Completely upset and emotional, I tossed my credit card onto the clerk’s computer keyboard when she wasn’t looking at me, rather than hand it to her. She got really, really mad at me for “throwing things at her,” and proceeded to lecture me on how she’s “being respectful” and that she expects the same from me. I got overridden with guilt and started saying “I’m sorry I’m sorry I’m sorry I shouldn’t have done that” over and over again. I felt like I was 6″ tall. I was just really upset and not trying to hurt anyone.
I showed a tiny bit of emotion and got yelled at for it. Well gosh lady, I’m sorry, but I was really upset right then. I just was not allowed to show any emotion at all. 😦 😦
So after my scolding she hands me the credit card back and tells me they don’t take credit cards. If she’d give me a few minutes I’d transfer some money into my checking account and we could use my debit card. She said okay. So I grabbed my phone out of my purse and moved $300 from savings to checking and paid my bill.
At this point I did what I normally do when overwhelmed with emotions… I started to tear up and just recessed deep into my shell. I quit talking completely and refused to make eye contact with anyone. 😦
I don’t know what happened after that, really, because I was just so upset at this point. I know I now have CA plates and all that, so I’m guessing it all worked out okay, but the name on the registration I have is my old name. 😦
Before I left the parking lot I texted a friend and just said “call me please.” She did like 20 seconds later.
I broke down while talking with her (using the handsfree thingy built into my car radio). I got into a full-on cry and was yelling things. The phone call didn’t last long because I was so choked up I just couldn’t speak.

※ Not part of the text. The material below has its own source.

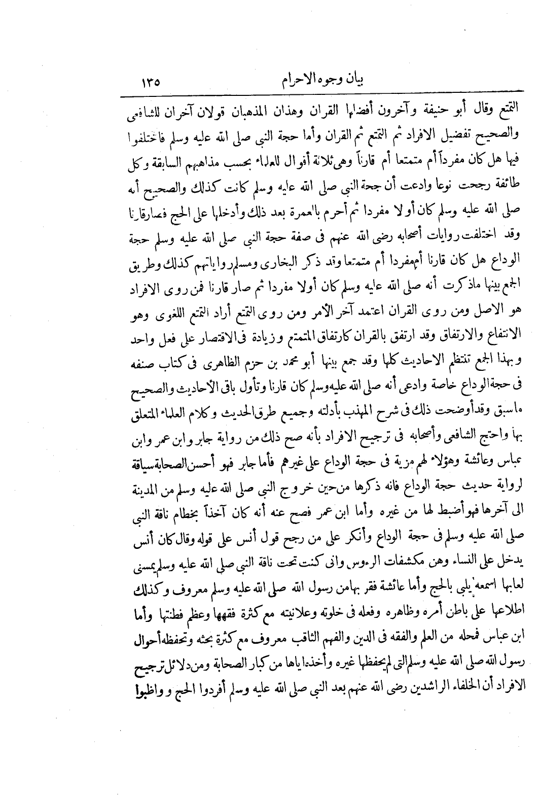 التَّمَتُّعُ وَقَالَ أَبُو حَنِيفَةَ وَآخَرُونَ أَفْضَلُهَا الْقِرَانُ وَهَذَانِ الْمَذْهَبَانِ قَوْلَانِ آخَرَانِ لِلشَّافِعِيِّ وَالصَّحِيحُ تَفْضِيلُ الْإِفْرَادِ ثُمَّ التَّمَتُّعِ ثُمَّ الْقِرَانِ وَأَمَّا حَجَّةُ النَّبِيِّ صَلَّى اللَّهُ عَلَيْهِ وَسَلَّمَ فَاخْتَلَفُوا فِيهَا هَلْ كَانَ مُفْرِدًا أَمْ مُتَمَتِّعًا أَمْ قَارِنًا وَهِيَ ثَلَاثَةُ أَقْوَالٍ لِلْعُلَمَاءِ بِحَسَبِ مَذَاهِبهِمُ السَّابِقَةِ وَكُلُّ طَائِفَةٌ رَجَّحَتْ نَوْعًا وَادَّعَتْ أَنَّ حَجَّةَ النَّبِيِّ صَلَّى اللَّهُ عَلَيْهِ وَسَلَّمَ كَانَتْ كَذَلِكَ وَالصَّحِيحُ أَنَّهُ صَلَّى اللَّهُ عَلَيْهِ وَسَلَّمَ كَانَ أَوَّلًا مُفْرِدًا ثُمَّ أَحْرَمَ بِالْعُمْرَةِ بَعْدَ ذَلِكَ وَأَدْخَلَهَا عَلَى الْحَجِّ فَصَارَ قَارِنًا وَقَدِ اخْتَلَفَتْ رِوَايَاتُ أَصْحَابِهِ رَضِيَ اللَّهُ عَنْهُمْ فِي صِفَةِ حَجَّةِ النَّبِيِّ صَلَّى اللَّهُ عَلَيْهِ وَسَلَّمَ حَجَّةِ الْوَدَاعِ هَلْ كَانَ قَارِنًا أَمْ مُفْرِدًا أَمْ مُتَمَتِّعًا وَقَدْ ذَكَرَ الْبُخَارِيُّ وَمُسْلِمٌ رِوَايَاتِهِمْ كَذَلِكَ وَطَرِيقُ الْجَمْعِ بَيْنَهَا مَا ذَكَرْتُ أَنَّهُ صَلَّى اللَّهُ عَلَيْهِ وَسَلَّمَ كَانَ أَوَّلًا مُفْرِدًا ثُمَّ صَارَ قَارِنًا فَمَنْ رَوَى الْإِفْرَادَ هُوَ الْأَصْلُ وَمَنْ رَوَى الْقِرَانَ اعْتَمَدَ آخِرَ الْأَمْرِ وَمَنْ رَوَى التَّمَتُّعَ أَرَادَ التَّمَتُّعَ اللُّغَوِيَّ وَهُوَ الِانْتِفَاعُ وَالِارْتِفَاقُ وَقَدِ ارْتَفَقَ بِالْقِرَانِ كَارْتِفَاقِ الْمُتَمَتِّعِ وَزِيَادَةٌ فِي الِاقْتِصَارِ عَلَى فِعْلٍ وَاحِدٍ وَبِهَذَا الْجَمْعِ تَنْتَظِمُ الْأَحَادِيثُ كُلُّهَا وَقَدْ جَمَعَ بَيْنَهَا أَبُو مُحَمَّدِ بْنُ حَزْمٍ الظَّاهِرِيُّ فِي كِتَابٍ صَنَّفَهُ فِي حَجَّةِ الْوَدَاعِ خَاصَّةً وَادَّعَى أَنَّهُ صَلَّى اللَّهُ عَلَيْهِ وَسَلَّمَ كَانَ قَارِنًا وَتَأَوَّلَ بَاقِي الْأَحَادِيثِ وَالصَّحِيحُ مَا سَبَقَ وَقَدْ أَوْضَحْتُ ذَلِكَ فِي شَرْحِ الْمُهَذَّبِ بِأَدِلَّتِهِ وَجَمِيعِ طُرُقِ الْحَدِيثِ وَكَلَامِ الْعُلَمَاءِ الْمُتَعَلَّقِ بِهَا وَاحْتَجَّ الشَّافِعِيُّ وَأَصْحَابُهُ فِي تَرْجِيحِ الْإِفْرَادِ بِأَنَّهُ صَحَّ ذَلِكَ مِنْ رواية جابر وبن عمر وبن عَبَّاسٍ وَعَائِشَةَ وَهَؤُلَاءِ لَهُمْ مَزِيَّةٌ فِي حَجَّةِ الْوَدَاعِ عَلَى غَيْرِهِمْ فَأَمَّا جَابِرٌ فَهُوَ أَحْسَنُ الصَّحَابَةِ سِيَاقَةً لِرِوَايَةِ حَدِيثِ حَجَّةِ الْوَدَاعِ فَإِنَّهُ ذَكَرَهَا مِنْ حِينِ خُرُوجَ النَّبِيِّ صَلَّى اللَّهُ عَلَيْهِ وَسَلَّمَ مِنْ الْمَدِينَةِ إِلَى آخِرِهَا فَهُوَ أضبط لها من غيره وأما بن عُمَرَ فَصَحَّ عَنْهُ أَنَّهُ كَانَ آخِذًا بِخِطَامِ نَاقَةِ النَّبِيِّ صَلَّى اللَّهُ عَلَيْهِ وَسَلَّمَ فِي حَجَّةِ الْوَدَاعِ وَأَنْكَرَ عَلَى مَنْ رَجَّحَ قَوْلَ أَنَسٍ عَلَى قَوْلِهِ وَقَالَ كَانَ أَنَسٌ يَدْخُلُ عَلَى النِّسَاءِ وَهُنَّ مُكْشِفَاتٌ الرُّءُوسَ وَإِنِّي كُنْتُ تَحْتَ نَاقَةِ النَّبِيِّ صَلَّى اللَّهُ عَلَيْهِ وَسَلَّمَ يَمَسُّنِي لُعَابُهَا أَسْمَعُهُ يُلَبِّي بِالْحَجِّ وَأَمَّا عَائِشَةُ فَقُرْبُهَا مِنْ رَسُولِ اللَّهِ صَلَّى اللَّهُ عَلَيْهِ وَسَلَّمَ مَعْرُوفٌ وَكَذَلِكَ اطِّلَاعُهَا عَلَى بَاطِنِ أَمْرِهِ وَظَاهِرِهِ وَفِعْلِهِ فِي خَلْوَتِهِ وَعَلَانِيَتِهِ مَعَ كَثْرَةِ فقهها وعظم فطنتها وأما بن عَبَّاسٍ فَمَحَلُّهُ مِنَ الْعِلْمِ وَالْفِقْهِ فِي الدِّينِ وَالْفَهْمِ الثَّاقِبِ مَعْرُوفٌ مَعَ كَثْرَةِ بَحْثِهِ وَتَحَفُّظِهِ أَحْوَالَ رَسُولِ اللَّهِ صَلَّى اللَّهُ عَلَيْهِ وَسَلَّمَ الَّتِي لَمْ يَحْفَظْهَا غَيْرُهُ وَأَخْذُهُ إِيَّاهَا مِنْ كِبَارِ الصَّح

I was so upset and emotional that I wanted to pull off into a parking lot so I could cry my eyes out without risking hurting anyone. I drove for quite a bit looking for a parking lot, but this is the Bay Area and free parking lots are no where to be found… and I sure as heck was not going to pay $5 to sit in my car and cry.
Since there was no place to park I just drove home in that state. I have no idea how I got home, but I did. (Because, hey, THAT’S safe, right?)
Here’s how this should have played out.
The moment the clerk noticed the problem, she should have said something like this:
I’m sorry ma’am, but you’re not the owner of your car right now, your Credit Union is. I can’t issue you a new registration with your name changed because you don’t own the car, they do. They’re the ones that need to get the title changed first.
…and then presented me with a couple of options. Things like, maybe if I pay the fees I’ve racked up, she’d give me a 60 day temp plate so I could work things out with the Credit Union and then try again. Or maybe offer to contact the Credit Union.
But what shouldn’t have happened is the ask me to break the law by forging a document. And something that should have never, ever, ever, ever, ever, ever happened was making me sign that “Statement of Facts” outing myself. I handed them a court order signed by a Judge… what more could they possibly want? The DMV is not above the law.
To me, as a transexual female, my identity is very important. I’ve worked very hard to get where I am. Its cost me a lot of time, money and heartache to get here. The DMV needs to train their employees just how vital this is to us and learn how to be “respectful” to us, as well.
So what did my desire to not get flooded with junk mail and scammers calling me my old name get me? $250 in fines, total humiliation, and a wasted day. It’s past my bedtime right now and I’m still extremely broken up over this. It didn’t work, either, since my car is still registered in my old name. (How exactly they were able to issue a car registration to someone that doesn’t legally exist I have no idea. I guess the DMV has magical powers.)
I’ll work out the title name issue with the Credit Union. And the fines suck, but I know they apply those to everyone and I wasn’t being singled out.
But the humiliation of being forced to sign a “Statement of Facts” admitting I’m trans? Or getting scolded for showing emotion? Those two things should never happen to anyone. Ever.